PUBLISHED TUE, JAN 18 202212:02 PM EST
Edwin Lopez sorts the money in the cash register at Frankie’s Pizza on January 12, 2022 in Miami, Florida.
Joe Raedle | Getty Images
Professional investors are growing less afraid of inflation and more leery about central banks’ reaction to it, according to the latest Bank of America Fund Manager Survey.
The poll of 374 panelists for January showed that even with prices surging at their fastest pace in nearly 40 years, the share of those expecting the current conditions to persist is diminishing.
In fact, the net 48% of respondents expecting inflation as measured through the consumer price index to decline is the most since February 2009.
Along with that, just 36% of investors think higher inflation is permanent, while 56% see it as “transitory,” a term the Federal Reserve had been using to describe inflation but ditched a few months ago as the rise proved stronger and more durable than policymakers had expected.
Still, inflation hasn’t faded completely from the market’s view as a threat.
The BofA survey results, which come from investors who manage some $1.2 trillion in assets, come with the consumer price index running at 7% year over year in December, the highest since June 1982.
Some 21% of respondents still consider it the biggest “tail risk,” or low-probability event that could cause substantial damage.

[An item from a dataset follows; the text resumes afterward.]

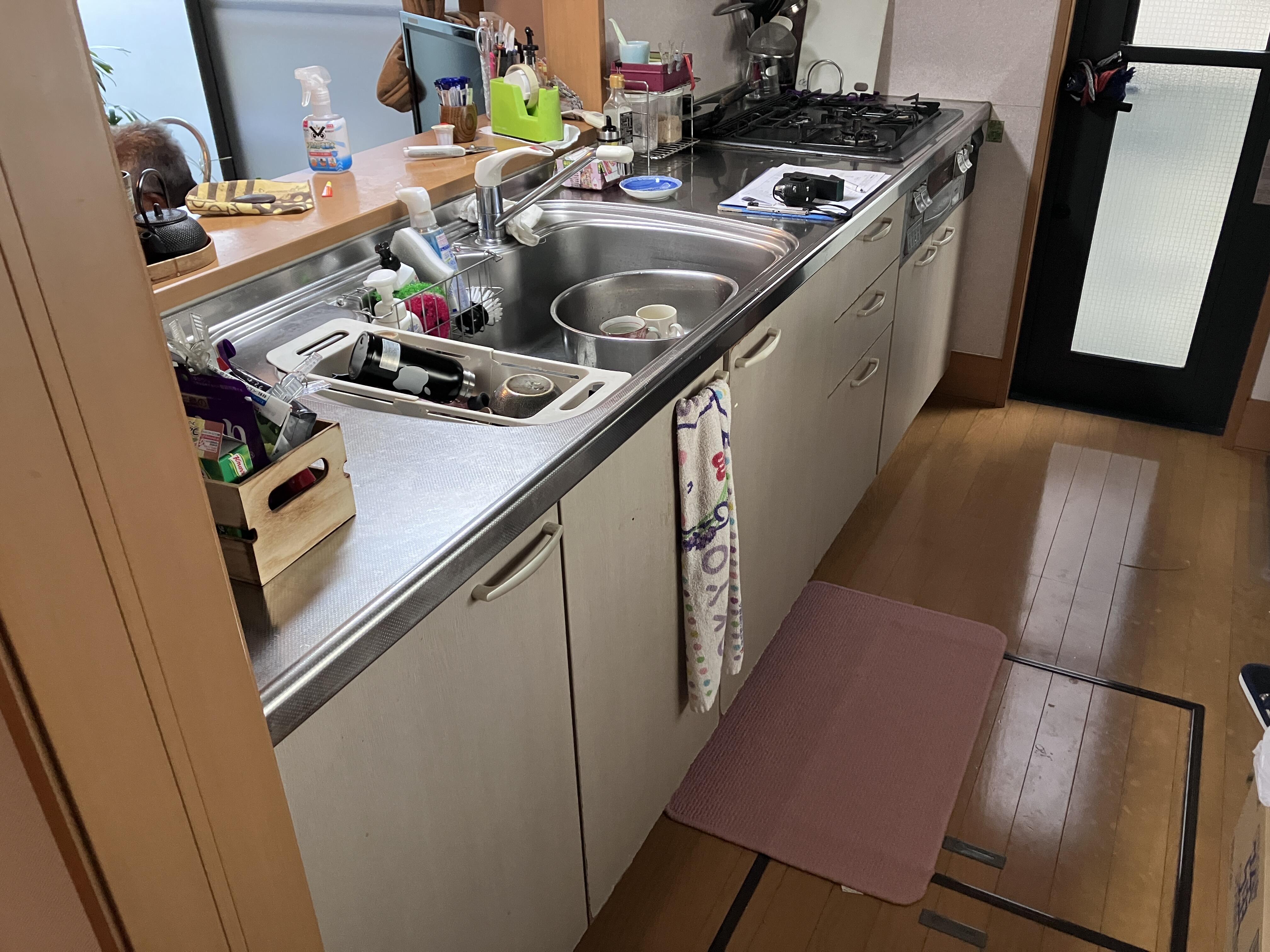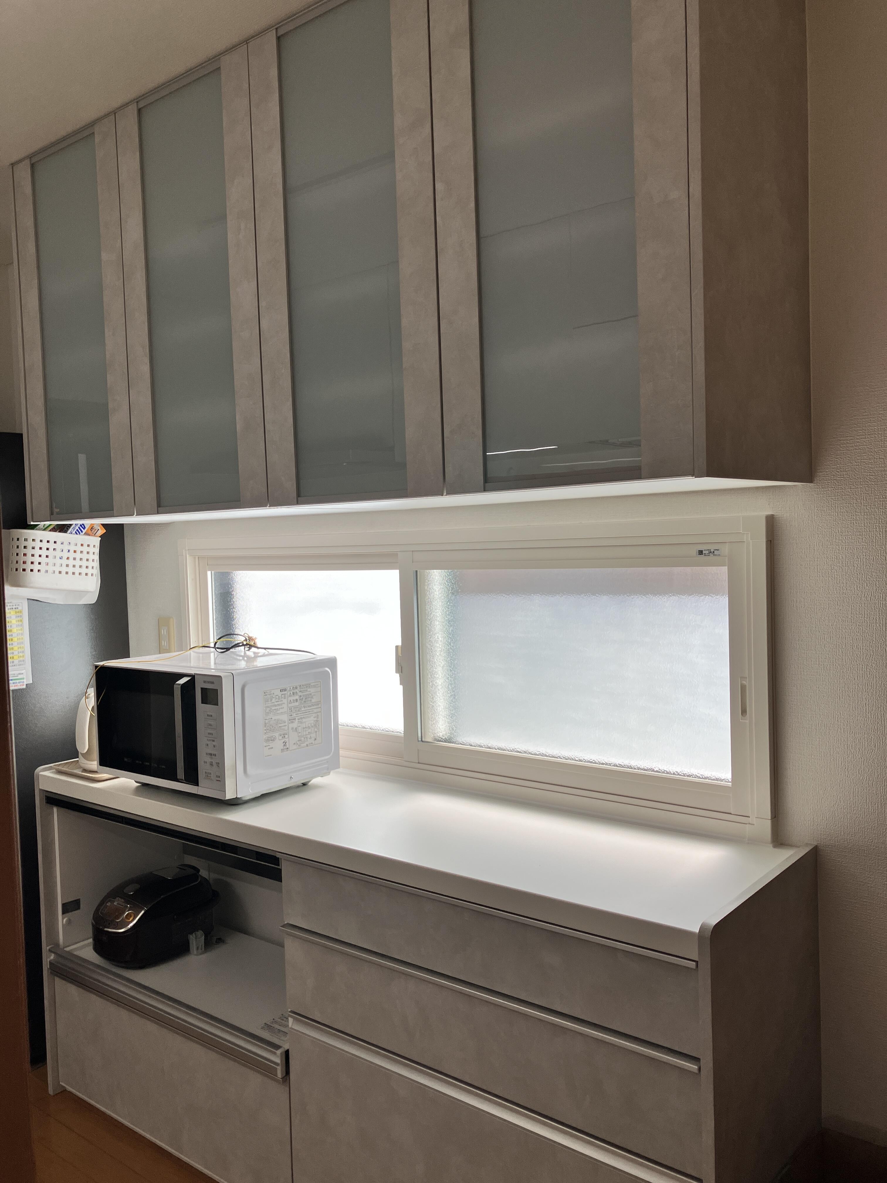 また、キッチン背面にはカップボードを設置し、収納力と作業効率をさらに向上。

The top of that list is “hawkish central bank rate hikes,” or the possibility that the Federal Reserve and its counterparts could storm in with interest rate increases aimed at curtailing skyrocketing prices.
Indeed, Fed policymakers in recent weeks have been virtually unanimous in saying they see three 25 basis point — 0.25 percentage point — hikes coming in 2022.
Traders, however, are pricing in an even more aggressive Fed. Fed funds futures contract indicate the central bank’s benchmark rate will be 0.96% by the end of the year, meaning that the market has completely priced in four increases.
The bond market has responded in kind.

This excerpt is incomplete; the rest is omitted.